Zwei Minuten später schritt der reichste Mann der Umgegend vor dem Priester einher, entblößten Hauptes, unter dem Arme das Rituale, in der Linken die brennende Laterne, in der Rechten die Schelle. In kurzen Pausen klingelte er. Die Bewohner eilten an die Fenster, bekreuzten sich und gewahrten mit Erstaunen den angesehenen, hochragenden Meßner. In den Gassen knieten begegnende Gläubigen, den Herrn im Sakramente anbetend und dann mit weit offenen Augen dem Gutsherrn folgend, bis er unter dem Eingange des Krankenhauses verschwand.
Dort hatte es mittlerweile heftige Scenen gegeben. Der alte Mohr wollte dem erwarteten Geistlichen die Thüre verschließen. Amrich widerstrebte.
»Und das leid' ich nit!« rief sie. »Zeitlebens würden die Leut' mit Fingern auf uns deuten.«
»Was für Leute?« rief Mohr entgegen. »Abergläubische Narren, Betbrüder, Rosenkranzknüppler, Pfaffenknechte, – an Allen liegt gar nichts! Dagegen wird jeder denkende Mensch mir beistimmen; denn ich hatte den Muth, dem Hokuspokus, an den ich einmal nicht glaube, an den kein Aufgeklärter glaubt, mein Haus zu verschließen.«
»Das könnt Ihr thun für Euch, wenn Ihr mal an's Sterben kommt, nicht aber für den Knecht, – der will versehen sein,« sagte Amrich.
»Wenn ich an's Sterben komme?« wiederholte Mohr gedehnt.
»Ja, – wenn Ihr an's Sterben kommt! Und der Jacob will auch versehen sein.«
»Alle Knochen im Leibe schlage ich Dir entzwei, verfluchte Hexe!« schrie Mohr wild. »Sagst Du dem Pfaffen ein Wort, daß mein Sohn krank ist, auch die Blattern hat, – dann bist Du alt genug.«
Im Hofe erklang die Schelle. Mohr fluchte, und als der Geistliche die Treppe erstiegen, verließ er mit einer Verwünschung das Haus.
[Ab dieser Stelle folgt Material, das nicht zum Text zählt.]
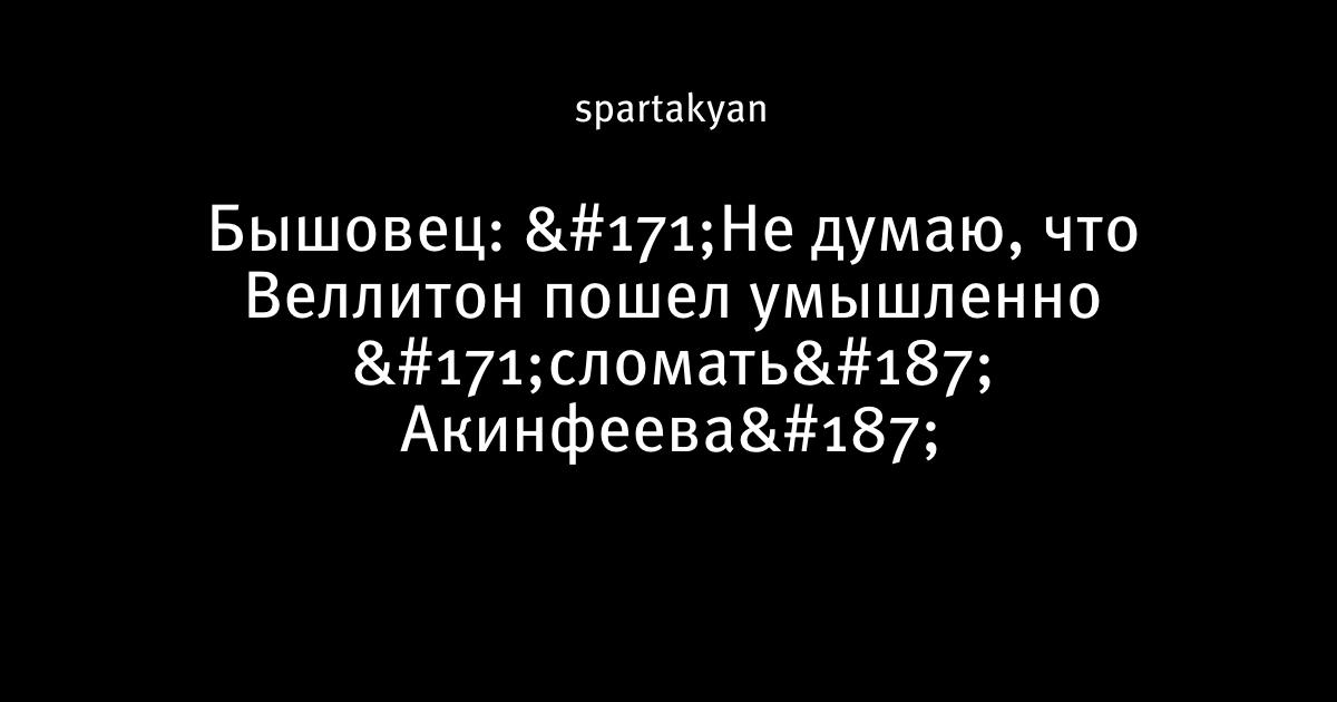 Бышовец: «Не думаю, что Веллитон пошел умышленно «сломать» Акинфеева»

Es gab eine halbstündige tiefe Stille im ganzen Hause. Dann hörte man Schröters tiefe Stimme das Confiteor sprechen, auf die Versikel respondiren und die Litanei zur heiligen Oelung beten. Endlich hatte der Seelsorger seines heiligen Amtes gewartet, schürzte den schleifenden Talar und stieg vorsichtig die jähe Treppe nieder. Im Flur blieb er stehen. Seine Blicke suchten die Tochter des Hauses, ihrer Barmherzigkeit den verlassenen Kranken zu empfehlen. Da drang sein Forscherauge durch zwei offen stehende Thüren in eine Kammer, wo sich Haarsträubendes darbot. Dort bewegten sich zwei lebende Gebeine, mit vertrockneter gelber Haut überzogen, und kläglich mit den Fetzen eines Hemdes bedeckt. Die Gebeine hatten Form und Gestalt von menschlichen Armen und Händen. Ihre Bewegungen gegen das Herrchen drückten Elend und Hilferufe aus. Ferner sah Frohmann einen Knäuel langer grauer Haare, die verworren um ein Menschenhaupt hingen, zwei tiefliegende Augen, die flehend auf ihm ruhten, und einen zahnlosen Mund, der Jammertöne ausstieß.
»Was ist das?« frug der Kleine erschreckt.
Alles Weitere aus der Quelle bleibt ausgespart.